Task goal:
Return the data exactly, with all pictures removed.

Task inputs section start

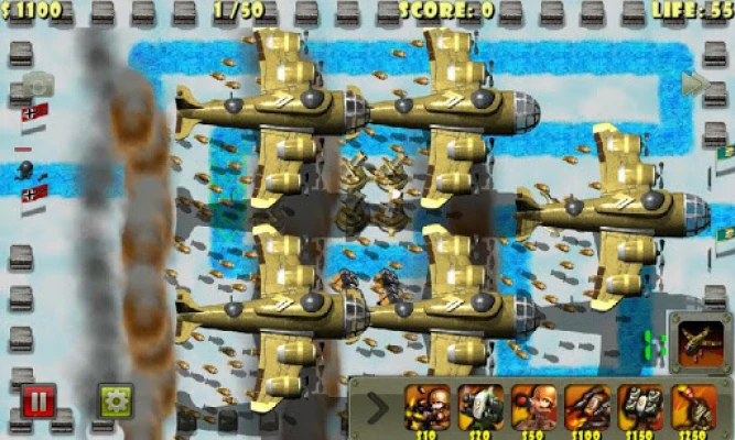 There are 6 different types of upgradable turrets available in the game; you should arrange them wisely on the enemies’ pathway to block them.
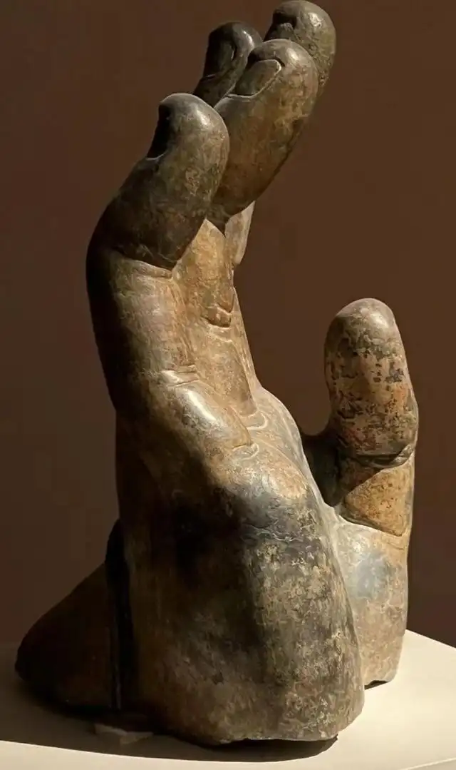 细节:手指的雕刻极为细腻,关节的起伏、皮肤的纹理都清晰可见,展现出工匠对人体手部结构的精准把握。掌心的纹路雕刻也十分逼真,仿佛有着真实的触感。指甲圆润且修长,边缘处的雕刻精致, 整体细节处理精湛,充分体现了北齐时期高超的石雕技艺。
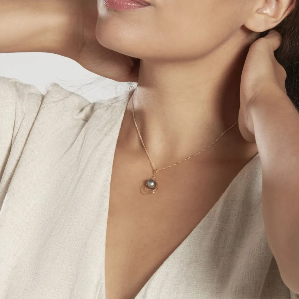 Pendentif Or Jaune 375/1000 Semi-baroque Ajoure Perle De Culture De Tahiti Noire 8.5/9mm
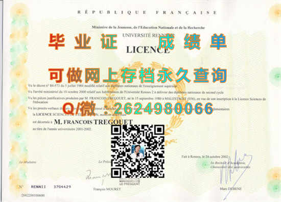 雷恩第二大学毕业证文凭购买|留信网认证永久可查询|Université Rennes 2 - Haute Bretagne成绩单
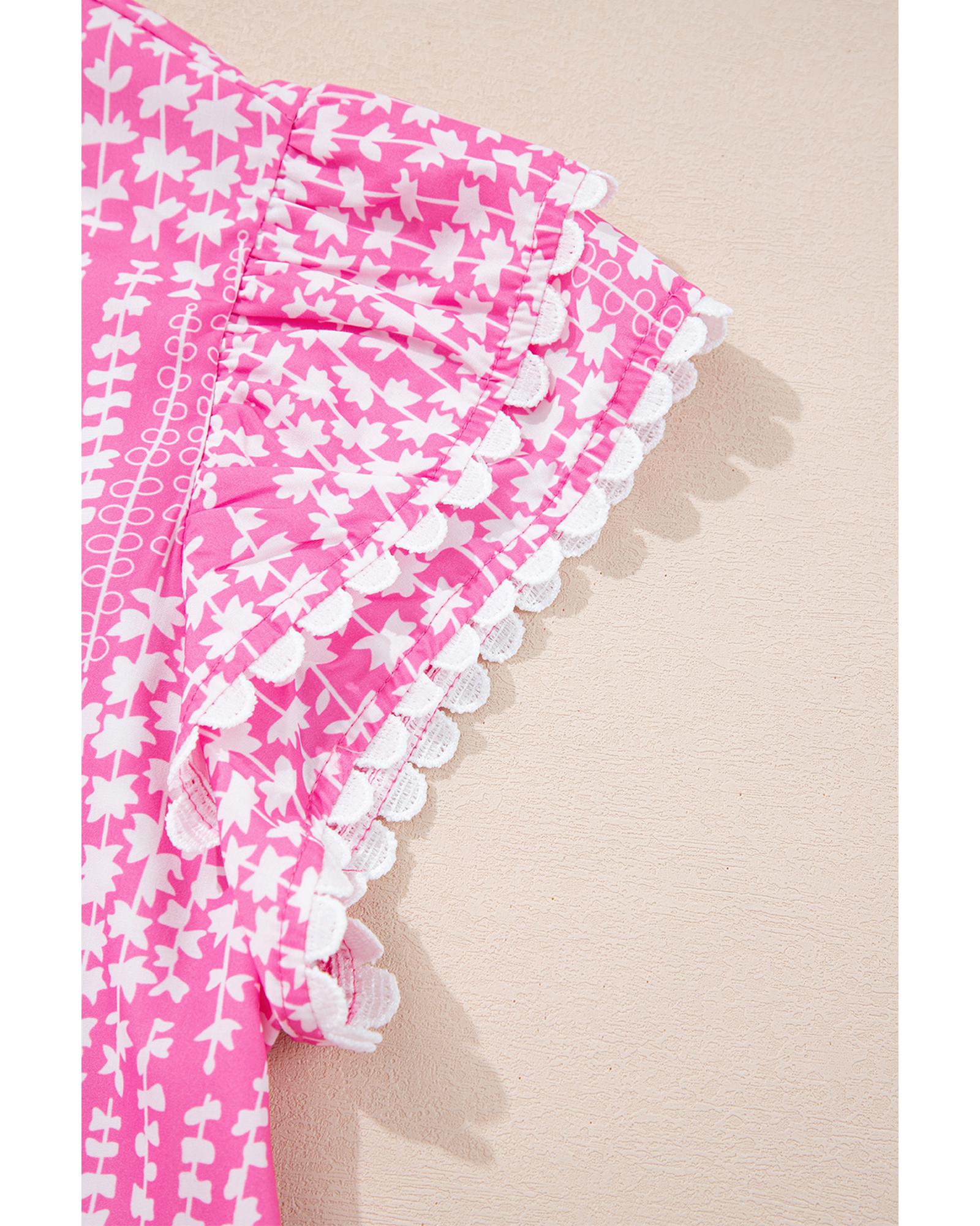 Pink Floral Print Contrast Ruffle Trim Short Sleeve Blouse - S
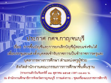 กศจ.กาญจนบุรีประกาศรายชื่อผู้มีสิทธิ์เข้ารับการประเมินค […]
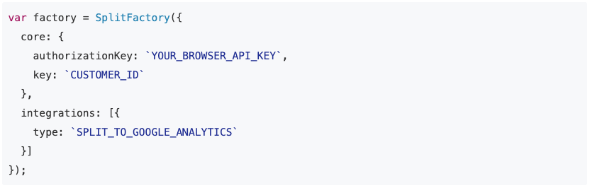 L’invio di dati a Google Analytics richiede l’utilizzo dell’SDK JavaScript di Split, che offre una serie di funzioni per inviare dati dal client a Google Analytics in un payload parallelo a quello che Google Analytics sta già raccogliendo.
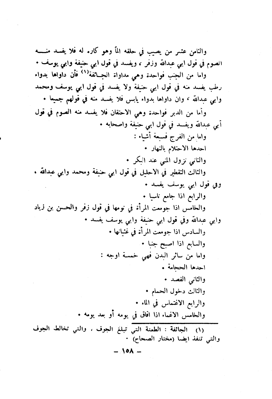 وَالثَّامِن عشر من يُصِيب فِي حلقه الما وَهُوَ كَارِه لَهُ فَلَا يفْسد مِنْهُ الصَّوْم فِي قَول ابي عبد الله وَزفر وَيفْسد فِي قَول ابي حنيفَة وابي يُوسُف
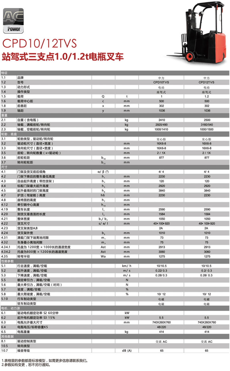 中力電動(dòng)叉車,1.0/1.2噸站駕式三支點(diǎn)電動(dòng)叉車CPD10TVS/CPD12TVS

Task inputs section end

Answer to the problem:
 There are 6 different types of upgradable turrets available in the game; you should arrange them wisely on the enemies’ pathway to block them.
 细节:手指的雕刻极为细腻,关节的起伏、皮肤的纹理都清晰可见,展现出工匠对人体手部结构的精准把握。掌心的纹路雕刻也十分逼真,仿佛有着真实的触感。指甲圆润且修长,边缘处的雕刻精致, 整体细节处理精湛,充分体现了北齐时期高超的石雕技艺。
 Pendentif Or Jaune 375/1000 Semi-baroque Ajoure Perle De Culture De Tahiti Noire 8.5/9mm
 雷恩第二大学毕业证文凭购买|留信网认证永久可查询|Université Rennes 2 - Haute Bretagne成绩单
 Pink Floral Print Contrast Ruffle Trim Short Sleeve Blouse - S
 กศจ.กาญจนบุรีประกาศรายชื่อผู้มีสิทธิ์เข้ารับการประเมินค […]
 L’invio di dati a Google Analytics richiede l’utilizzo dell’SDK JavaScript di Split, che offre una serie di funzioni per inviare dati dal client a Google Analytics in un payload parallelo a quello che Google Analytics sta già raccogliendo.
 وَالثَّامِن عشر من يُصِيب فِي حلقه الما وَهُوَ كَارِه لَهُ فَلَا يفْسد مِنْهُ الصَّوْم فِي قَول ابي عبد الله وَزفر وَيفْسد فِي قَول ابي حنيفَة وابي يُوسُف
 中力電動(dòng)叉車,1.0/1.2噸站駕式三支點(diǎn)電動(dòng)叉車CPD10TVS/CPD12TVS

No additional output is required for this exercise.